May 2007     View PDF     En español

Discussion points and comments for discussion

 

STEP ONE:
Did the possible HIV exposure occur within the past 72 hours? Can anti-HIV therapy be started within those 72 hours?

  • If no, nPEP is not a reasonable option. Describe acute infection syndrome to the patient. (Not all seroconverters experience this.) Screen for HIV using standard antibody test in 4–6 weeks. Confirm negative results with follow-up tests in 3 and 6 months. Discuss and develop an HIV prevention plan. *
  • If yes, nPEP might be a reasonable option.

STEP TWO:
Are you currently HIV-positive?

  • If no, confirm it with an HIV antibody test.
  • If unknown, screen with an antibody test.
  • If yes, nPEP should NOT be started. Treat HIV disease according to Federal Guidelines, available at www.aidsinfo.nih.gov.

STEP THREE:
Conduct a risk assessment. What is the chance that the activity(ies) that put you at risk resulted in an HIV exposure or infection?

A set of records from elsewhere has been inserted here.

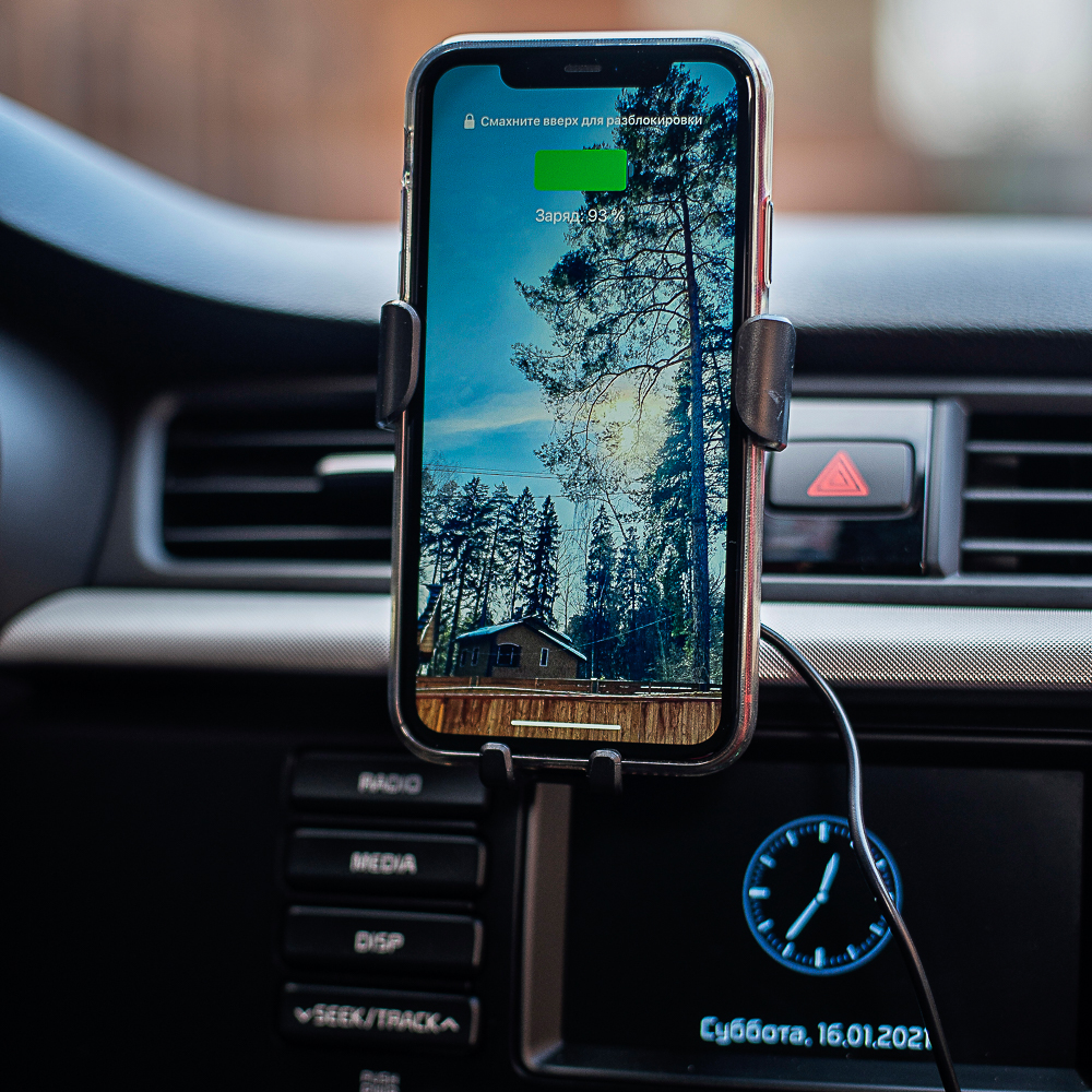 Держатель телефона на дефлектор с беспроводной зарядкой-это устройство, которое обеспечит комфортное вождение в любых условиях. Автомобильный аксессуар не скрипит, не издает треска и адаптируется к смене температур. Компактный держатель для телефона станет отличной заменой держателю на панель. Имеет универсальный размер, отлично держит Ваш смартфон при езде по неровным поверхностям. Настоящая находка как для мужчин, так и для автоледи. Держатель станет оригинальным подарком для любимых и близких, а также порадует и Вас самих!
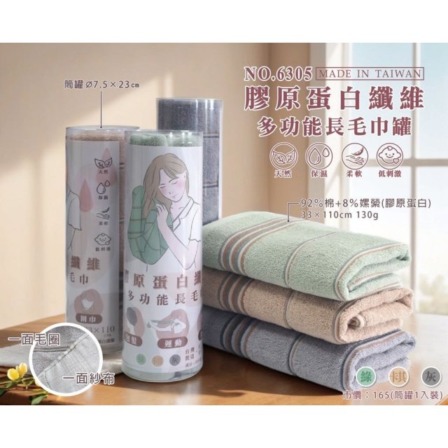 台灣製造膠原蛋白多功能長巾(桶罐裝1入) (11月尾)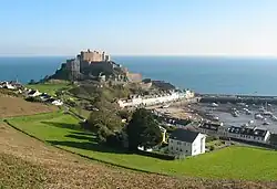 In the ninth century the island was raided by Vikings and in 933 it was annexed to Normandy by William Longsword.[38]: 22 When Duke William the Conqueror became King of England in 1066, the island remained part of the Norman possessions. However, in 1204, when Normandy was returned to the French king, the island remained a possession of the English crown, though never incorporated into England.[39] Traditionally it is said that Jersey's self-governance originates from the Constitutions of King John, however this is disputed.[38]: 25 Nevertheless, the island continued to follow Norman customs and laws. The King also appointed a Bailiff and a Warden (now Lieutenant-Governor). The period of English rule was marked by wars between England and France, as such a military fortress was built at Mont Orgueil.[40]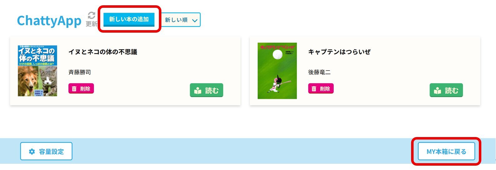 ※ MY本箱に戻る場合は、『新しい本の追加』か『MY本箱に戻る』をクリックしてください。

  • If low to no risk, nPEP is generally discouraged.
  • If moderate risk, nPEP might be considered.
  • If high to highest risk, nPEP is a reasonable option.
  • If the exposure is not isolated and future incidents are highly likely because of regular high-risk activity, nPEP is generally discouraged according to CDC recommendations.

STEP FOUR:
What is the chance that the source (like a sexual partner or needle) was HIV-infected?

  • If low to no risk, nPEP is discouraged regardless of risk assessment.
  • If moderate risk, nPEP might be considered if warranted by risk assessment.
  • If high to highest risk, nPEP is reasonable if warranted by risk assessment.

STEP FIVE:
Based on the risk and source assessment, is nPEP reasonable to consider?

  • If no, describe acute infection syndrome to patient. (Not all seroconverters experience this.) Screen for HIV using standard antibody test in 4–6 weeks. Confirm negative results with follow-up tests in 3 and 6 months. Discuss and develop an HIV prevention plan.
  • If yes, consider if nPEP is a desirable option.

* It cannot be concluded that nPEP is not effective when started after 72 hours. Data suggests that the earlier the intervention is started the greater the chances of success. Currently there’s no definite time after exposure that nPEP is deemed useless. If the risk of the exposure is very high, it may be reasonable to start nPEP even after 72 hours.